Coder Social home page Coder Social logo

Comments (36)

krperry avatar krperry commented on May 20, 2024 1

from liblouis.

krperry avatar krperry commented on May 20, 2024

This link takes you to the conversation on this issue on liblouis-liblouisxml free list
https://www.freelists.org/post/liblouis-liblouisxml/Emphasis-phrase-question-and-forking-till-fixed,7

from liblouis.

bertfrees avatar bertfrees commented on May 20, 2024

See also https://www.freelists.org/post/liblouis-liblouisxml/Emphasis-phrase

from liblouis.

krperry avatar krperry commented on May 20, 2024

from liblouis.

bertfrees avatar bertfrees commented on May 20, 2024

I'm going to need more tests to see if there is more to it, but it seems there is already one thing we can do: we can change how the counting of words to determine the length of phrases happens. Currently Liblouis only counts whole words (thereby treating unemphasisable characters at the beginning and end as spaces). But since the goal of marking phrases is to reduce the number of indicators, we could perfectly well justify counting half words too, as this won't increase the number of indicators. (Note that this true only on the condition that endemphphrase after is used, like is the case in UEB. When endemphphrase before, or begemphword, is used and the emphasized part of the last word does not span the whole word, one additional indicator is needed to cancel emphasis.)

from liblouis.

bertfrees avatar bertfrees commented on May 20, 2024

Regarding the all caps issue: there is some code in Liblouis that was added exactly to achieve the opposite of what you say should happen, namely that if the last word of the phrase ends with non-letters (punctuation), the endemphphrase after indicator is inserted after them. The code was included specifically when the noempclass feature was added, in order to preserve the old behavior.

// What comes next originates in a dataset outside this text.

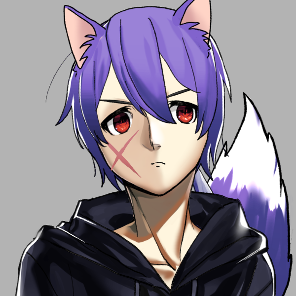 紫色の髪をポニーテールにしている。狼の耳と尻尾が生えている。瞳の色は赤。頬に大きな傷跡がある。

When I disable this code, your "'ABC ABC DEF' defg" example is translated the way you say it should, but several UEB tests start failing because they claim the opposite should happen. @krperry You may want to check them, they are in en-ueb-08-capitalization.yaml.

Apart from the UEB tests, a number of other tests are affected. Some, like Norwegian, are actually improvements, but other, such as Swedish, are regressions. In other words, different braille codes do it differently.

from liblouis.

krperry avatar krperry commented on May 20, 2024

from liblouis.

krperry avatar krperry commented on May 20, 2024

from liblouis.

krperry avatar krperry commented on May 20, 2024

from liblouis.

bertfrees avatar bertfrees commented on May 20, 2024

I think the three tests pretty much show everything

They may explain the requirement, but for really good coverage we need more tests IMO:

  • tests with other kinds of punctuation
  • tests with punctuation that is not enclosing (only before, only after, or different punctuation before and after)
  • tests with enclosing punctuation combined with other punctuation
  • tests with punctuation at the beginning and/or end included in the emphasis
  • etc. etc.

I am going by what transcribers tell me at APH

The existing tests are coming from the UEB rule book AFAIK. So they are probably correct. But nevertheless I think it's worth checking them out. These are the tests:

  • CAUTION: WET PAINT!
  • IT'S A HOAX! (APRIL FOOL!)
  • V-NECK SWEATERS FOR SALE!

It would be good if you could add some clarifying comments to the tests, and also to your new tests, to explain the different expectations in different cases. The more clarifying comments are included in YAML files, the better.

from liblouis.

jrbowden avatar jrbowden commented on May 20, 2024

Regarding the placement of the caps terminator, there are two cases:

  1. When there is punctuation which does not "balance", then the caps terminator goes at the end. This is the case with the examples from RUEB 8. The examples are correct. e.g.
    CAUTION: WET PAINT!
    ⠠⠠⠠⠉⠁⠥⠰⠝⠒⠀⠺⠑⠞⠀⠏⠁⠔⠞⠖⠠⠄
    Here, the caps terminator comes after the exclamation.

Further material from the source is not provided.